"Taming Tibet: Landscape Transformation and the Gift of Chinese Development" By Emily T Yeh

Taming Tibet Emily Yeh
Buy the book on Amazon here: http://amzn.to/18XxJ2I

Published in November 2013 by Cornell University Press, “Taming Tibet: Landscape Transformation and the Gift of Chinese Development” is a study  by scholar Emily T. Yeh which examines how Chinese development projects in Tibet served to consolidate state space and power.
Yeh draws on sixteen months of ethnographic fieldwork between 2000 and 2009 with a focus on Lhasa. From the book’s description:

The master narrative of the PRC stresses generosity: the state and Han migrants selflessly provide development to the supposedly backward Tibetans, raising the living standards of the Han’s “little brothers.” Arguing that development is in this context a form of “indebtedness engineering,” Yeh depicts development as a hegemonic project that simultaneously recruits Tibetans to participate in their own marginalization while entrapping them in gratitude to the Chinese state. The resulting transformations of the material landscape advance the project of state territorialization. Exploring the complexity of the Tibetan response to–and negotiations with–development, Taming Tibet focuses on three key aspects of China’s modernization: agrarian change, Chinese migration, and urbanization. Yeh presents a wealth of ethnographic data and suggests fresh approaches that illuminate the Tibet Question.

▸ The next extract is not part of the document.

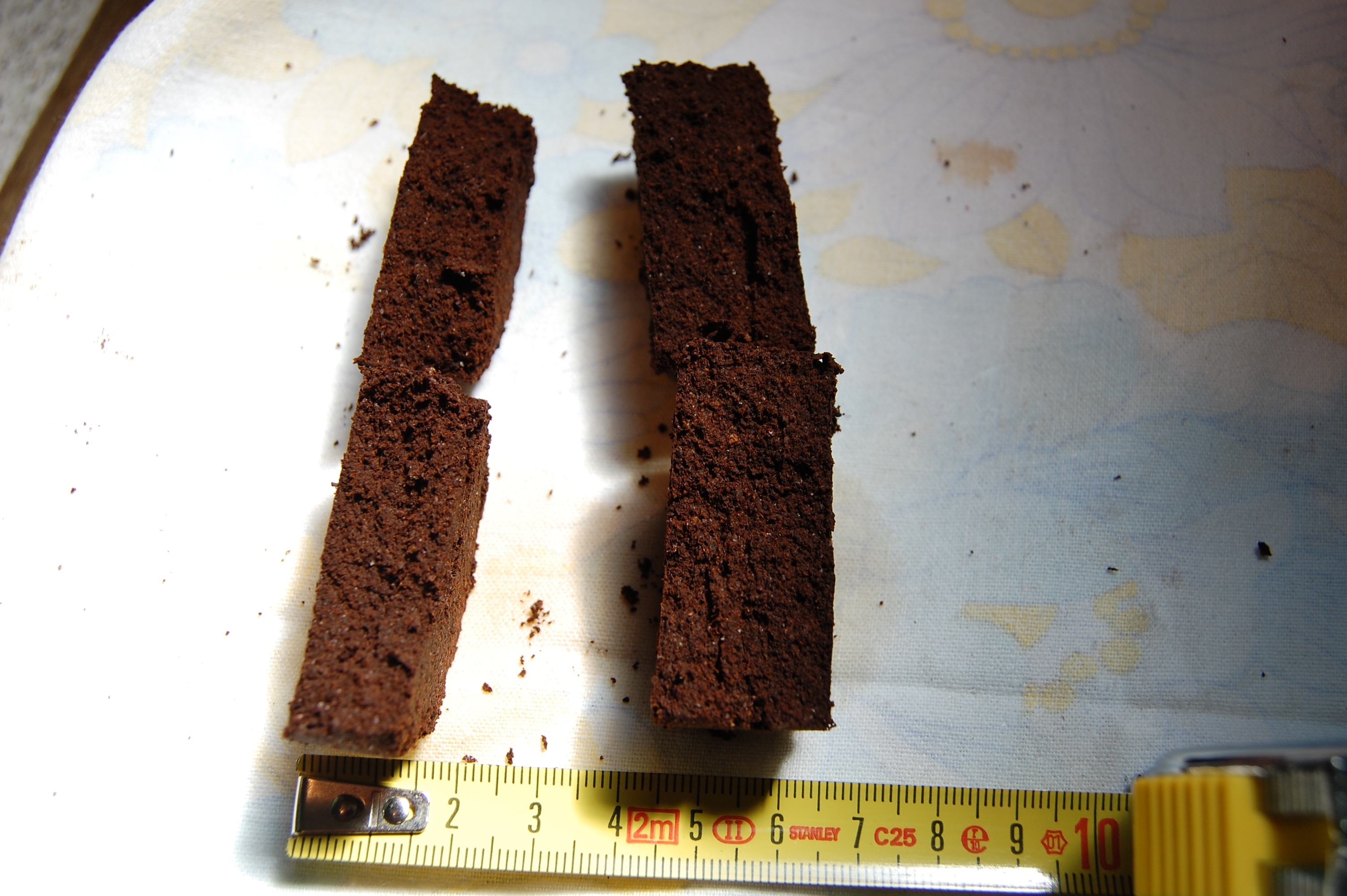 Das ganze entstand auf feinster Mahlstufe, beim Einzelbezug mit voller Wasser und halber Kaffeemenge.. vielleicht kann man ja was erkennen, da es nur ein Stück davon ist hab ich es zur Veranschaulichung mal abgemessen -

Buy the book on Amazon here: http://amzn.to/18XxJ2I

2 Comments

  1. Dr. Emily Yeh currently serves as a professor of geography at the University of Colorado. In Taming Tibet 2013, she provides a critical analysis of China’s development approaches toward Tibet from 1950s to 2009, with a heavier focus on her field-research findings from 2000-2001. Using a combination of local narratives and on-site observation, her ethnography illustrates the contestation of power, control, violence and landscape reformation in Tibet.
    The title word, taming, is well used in this circumstance. In Tibetan Buddhism, it is believed that Tibet lies on a gargantuan supine demons and it must be tamed. Yeh adapts this word to argue that China’s three stages of development initiatives in the 1950s, 1980s and 1990s were progressions to “tame” Tibet through spatial, economic and political control, yet China justified it as a “pure gift.”
    In Taming Tibet, Emily Yeh’s examines how Chinese development projects in Tibet served to consolidate state space and power. Unlike most Western, Chinese or Tibetan writings, Yeh distanced herself from religion, therefore bypassing the dominating writing about Tibetan culture in relations to Buddhism. In contrast to the prevalent writing on the development in Tibet, which focuses heavily on quantitative or qualitative analysis, Yeh incorporates multiple accounts of personal narratives as evidence in her ethnography. Perhaps it is her intention to provide an ethnographic account representing the voices of the less heard. However, I find this insufficient to balance the overwhelming amount of personal narratives she incorporated, which is another deficiency. Although story-telling from her observation creates powerful images of the intensive dynamic between power, control and fear, her writing is simply overly descriptive, adopting multiple narratives in demonstrating the same arguments. The repetitive quotations from her informants are often lack of basic evidence and credibility. Comparable to many Western scholars, it is noticeable that Yeh positions herself with the Tibetans. She avoided directly accusing the CCP of the brutality but uses narratives of Tibetans to reflect it. Nonetheless, she failed to balance the positive impact Chinese development had on Tibet in a critical manner. Nevertheless, Yeh’s ethnographic work provides valuable insights in understanding China’s development approaches toward Tibet and it also amplifies the voices of ethnic Tibetan in China.